Caught a couple nice browns Wednesday a 5lber 2 20” and one 16” and a half dozen around 12”


----------



## motorhead99999 (Apr 3, 2020)




----------



## alleyyooper (Apr 6, 2020)

Bet it was really the fisherperson with the pink hat that caught them. You just want the credit don't ya?

Al


----------



## buzz sawyer (Apr 6, 2020)

Been out a couple times now. They stocked goldies a couple weeks ago, caught three, some rainbows and a brookie. All 12" - 15". I like to fry in butter with some parsley and seafood seasoning.


----------



## motorhead99999 (Apr 6, 2020)

alleyyooper said:


> Bet it was really the fisherperson with the pink hat that caught them. You just want the credit don't ya?
> 
> Al


She did catch that one. I usually don’t take pics unless there huge.


----------



## motorhead99999 (Apr 6, 2020)

buzz sawyer said:


> Been out a couple times now. They stocked goldies a couple weeks ago, caught three, some rainbows and a brookie. All 12" - 15". I like to fry in butter with some parsley and seafood seasoning.

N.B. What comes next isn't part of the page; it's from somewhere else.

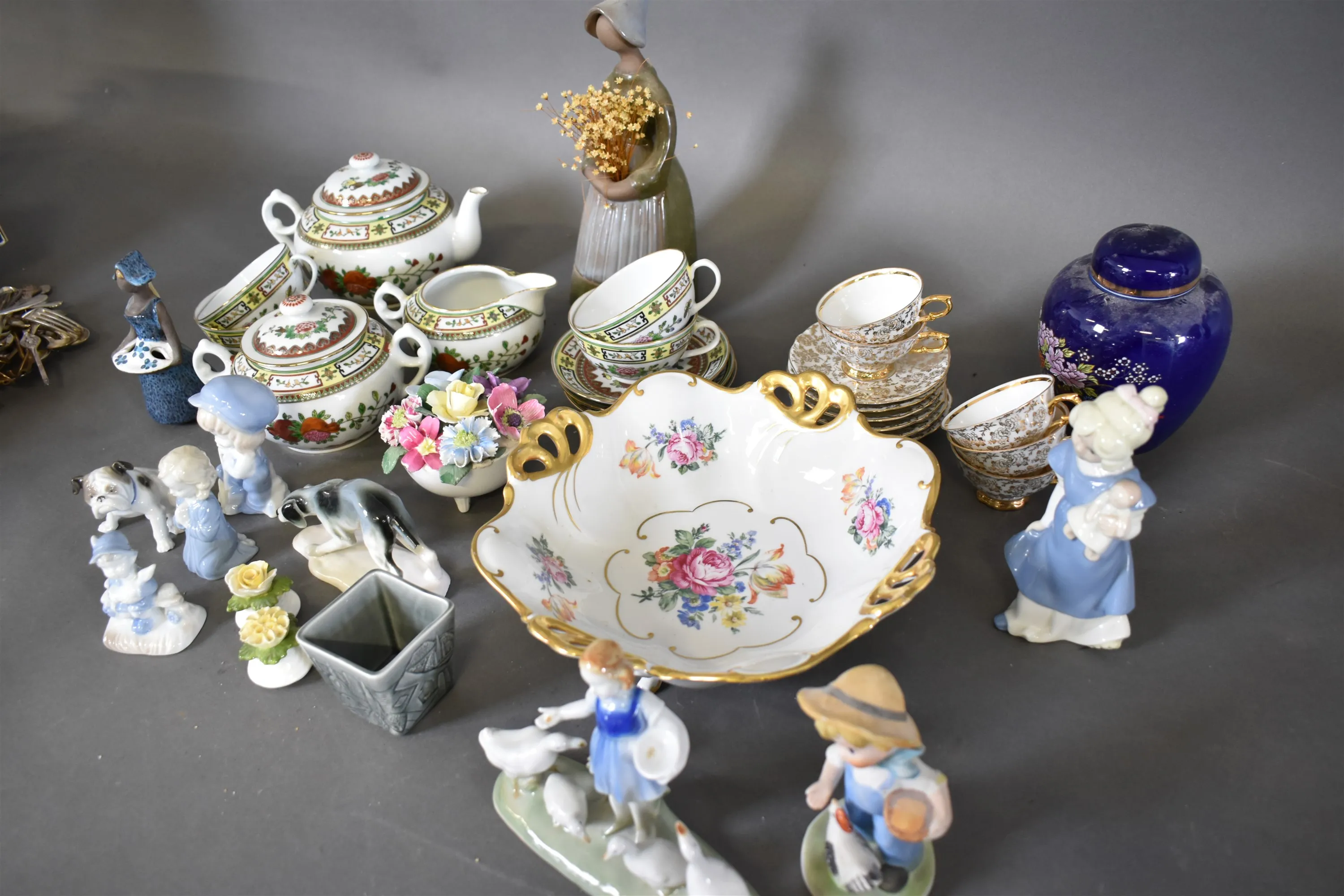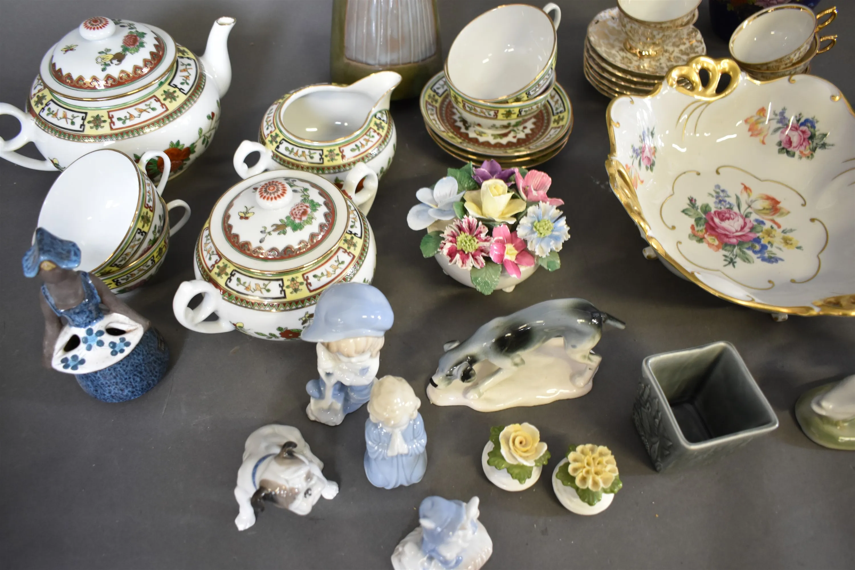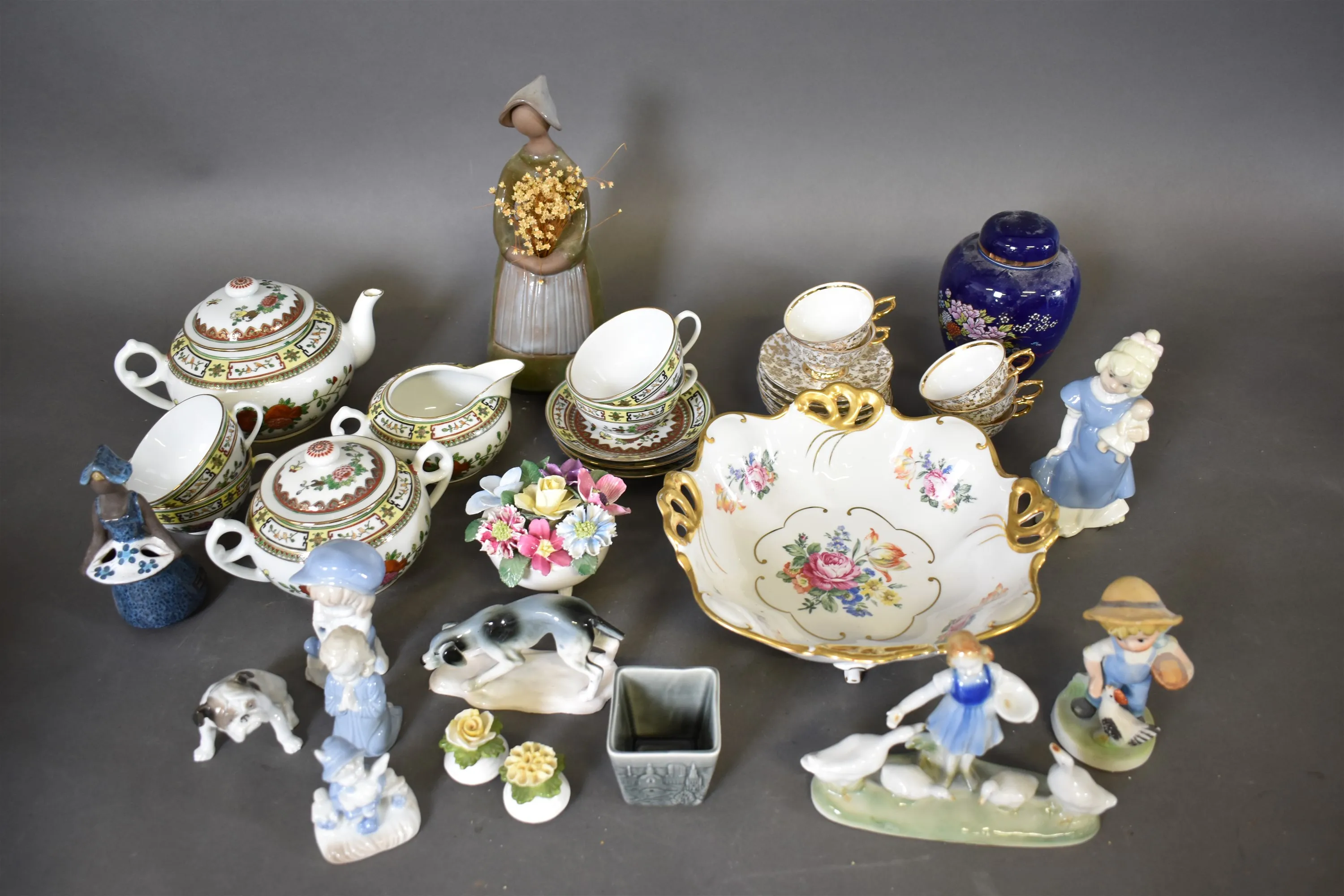 14116. Parti porslin/keramik bl.a tegods & figuriner högsta 28 cm
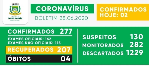 Dois novos casos de coronavírus foram confirmados neste domingo em Campo Mourão, ambos em exames oficiais. Pouco em relação aos últimos dias. O total no município foi a 277 (162 oficiais e 115 não-oficiais). Houve mais cinco casos recuperados e o total foi a 207. O número de suspeitos também subiu. Foram mais 14, indo de 116 para 130.

I went out this afternoon and caught a couple small browns 10-15 inch range. I usually don’t keep them except for my neighbor. Her son is deathly allergic to about everything with a shell including peanuts. She doesn’t feel comfortable buying fish from the store. Otherwise I let em go for next time. I like fish. Just hate cleaning them lol. I’ll keep the occasional walleye for myself.


----------